Because in this case the dot product check is a series of additions and multiplications of polynomials, the result is itself going to be a polynomial. If the resulting polynomial, evaluated at every \(x\) coordinate that we used above to represent a logic gate, is equal to zero, then that means that all of the checks pass; if the resulting polynomial evaluated at at least one of the \(x\) coordinate representing a logic gate gives a nonzero value, then that means that the values going into and out of that logic gate are inconsistent (ie. the gate is \(y = x \cdot sym_1\) but the provided values might be \(x = 2,sym_1 = 2\) and \(y = 5\)).
Note that the resulting polynomial does not itself have to be zero, and in fact in most cases won’t be; it could have any behavior at the points that don’t correspond to any logic gates, as long as the result is zero at all the points that do correspond to some gate. To check correctness, we don’t actually evaluate the polynomial \(t = A . s \cdot B . s - C . s\) at every point corresponding to a gate; instead, we divide \(t\) by another polynomial, \(Z\), and check that \(Z\) evenly divides \(t\) - that is, the division \(t / Z\) leaves no remainder.
\(Z\) is defined as \((x - 1) \cdot (x - 2) \cdot (x - 3) ...\) - the simplest polynomial that is equal to zero at all points that correspond to logic gates. It is an elementary fact of algebra that any polynomial that is equal to zero at all of these points has to be a multiple of this minimal polynomial, and if a polynomial is a multiple of \(Z\) then its evaluation at any of those points will be zero; this equivalence makes our job much easier.
Now, let’s actually do the dot product check with the polynomials above.
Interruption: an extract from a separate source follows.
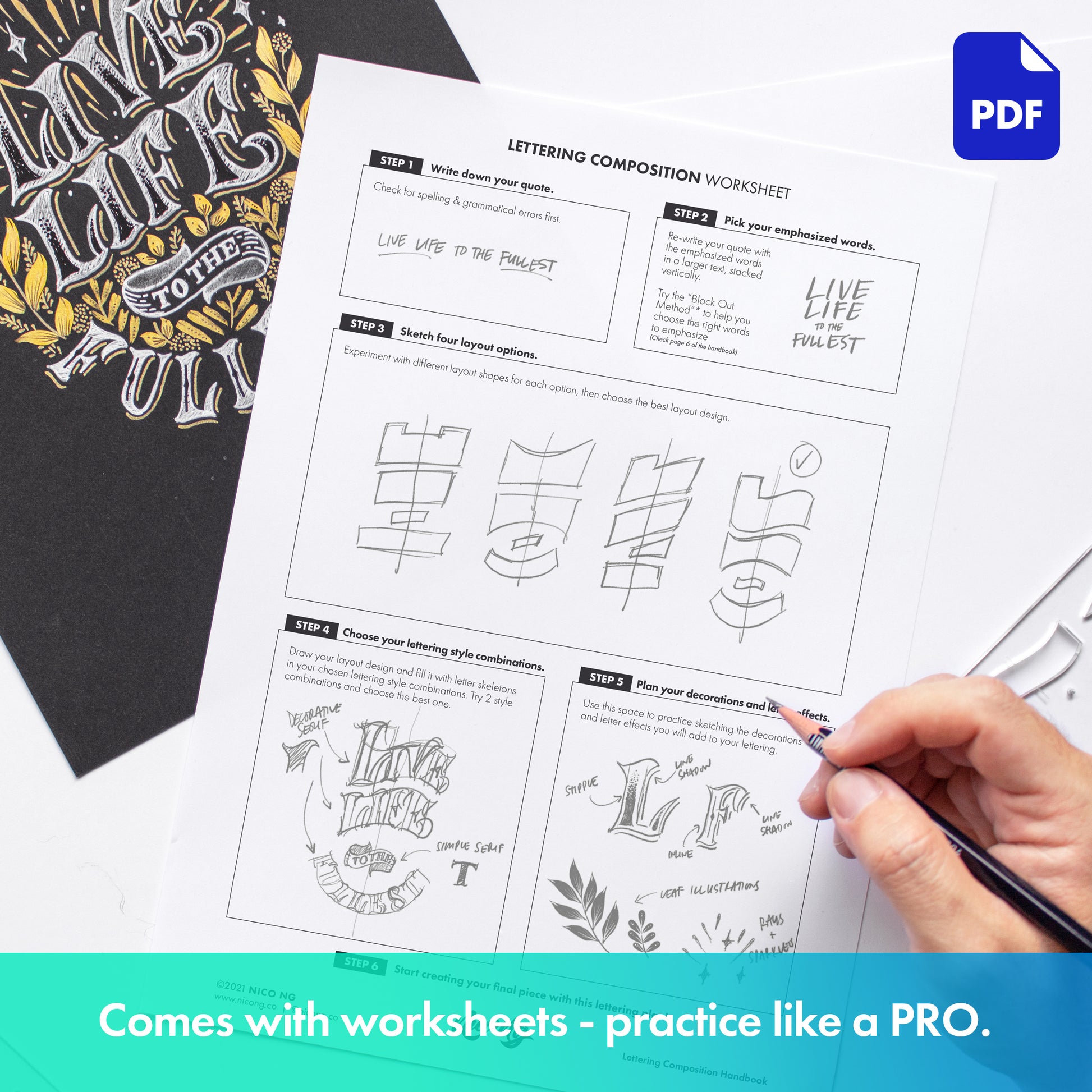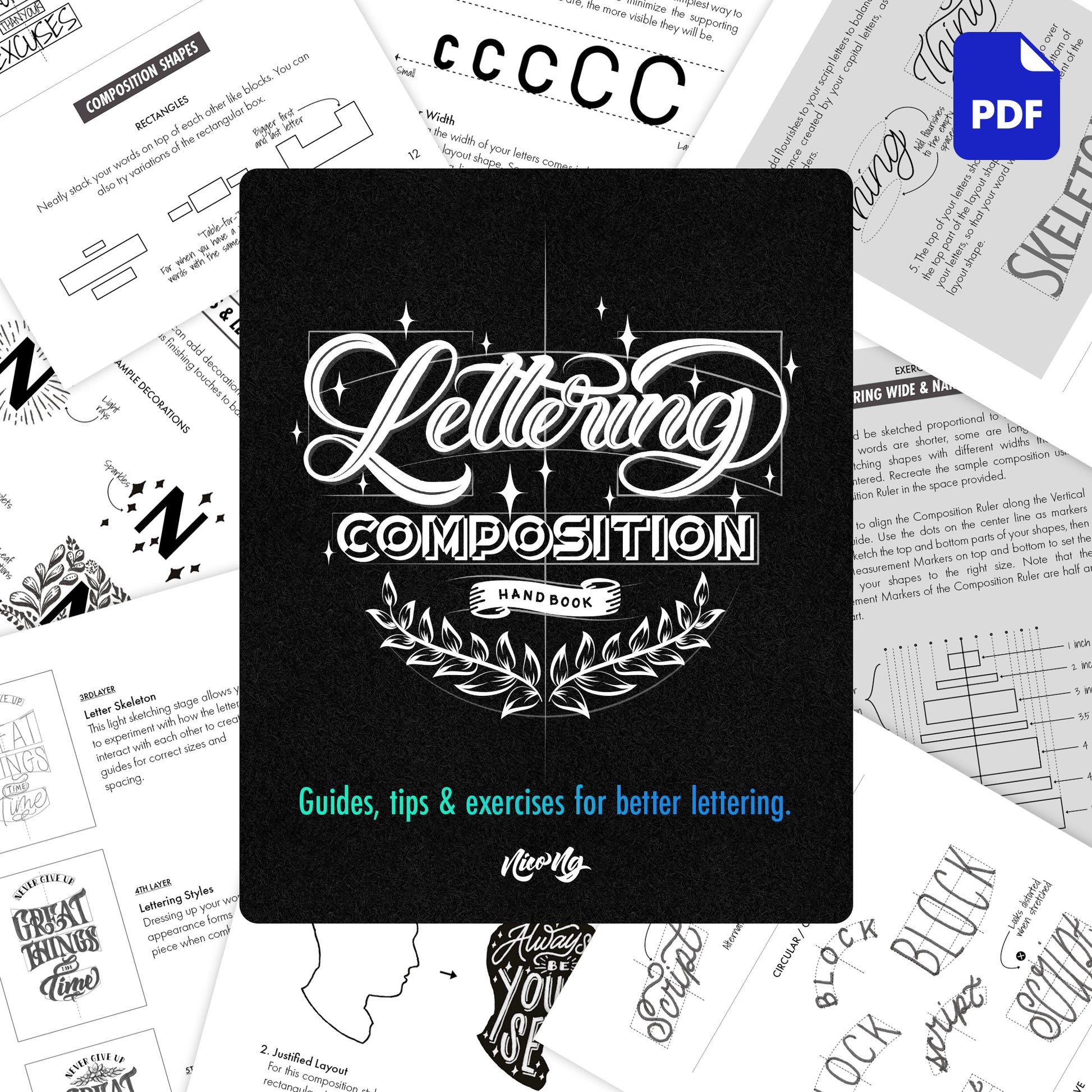 Learn all of these and get access to more helpful tips and exercises with the Lettering Composition Handbook.

First, the intermediate polynomials:
A . s = [43.0, -73.333, 38.5, -5.166] B . s = [-3.0, 10.333, -5.0, 0.666] C . s = [-41.0, 71.666, -24.5, 2.833]
Now, \(A . s \cdot B . s — C . s\):
t = [-88.0, 592.666, -1063.777, 805.833, -294.777, 51.5, -3.444]
Now, the minimal polynomial \(Z = (x - 1) \cdot (x - 2) \cdot (x - 3) \cdot (x - 4)\):
Z = [24, -50, 35, -10, 1]
And if we divide the result above by \(Z\), we get:
h = t / Z = [-3.666, 17.055, -3.444]
With no remainder.
And so we have the solution for the QAP. If we try to falsify any of the variables in the R1CS solution that we are deriving this QAP solution from — say, set the last one to \(31\) instead of \(30\), then we get a \(t\) polynomial that fails one of the checks (in that particular case, the result at \(x=3\) would equal \(-1\) instead of \(0\)), and furthermore \(t\) would not be a multiple of \(Z\); rather, dividing \(t / Z\) would give a remainder of \([-5.0, 8.833, -4.5, 0.666]\).
Note that the above is a simplification; “in the real world”, the addition, multiplication, subtraction and division will happen not with regular numbers, but rather with finite field elements — a spooky kind of arithmetic which is self-consistent, so all the algebraic laws we know and love still hold true, but where all answers are elements of some finite-sized set, usually integers within the range from \(0\) to \(n-1\) for some \(n\). For example, if \(n = 13\), then \(1 / 2 = 7\) (and \(7 \cdot 2 = 1), 3 \cdot 5 = 2\), and so forth. Using finite field arithmetic removes the need to worry about rounding errors and allows the system to work nicely with elliptic curves, which end up being necessary for the rest of the zk-SNARK machinery that makes the zk-SNARK protocol actually secure.
Special thanks to Eran Tromer for helping to explain many details about the inner workings of zk-SNARKs to me.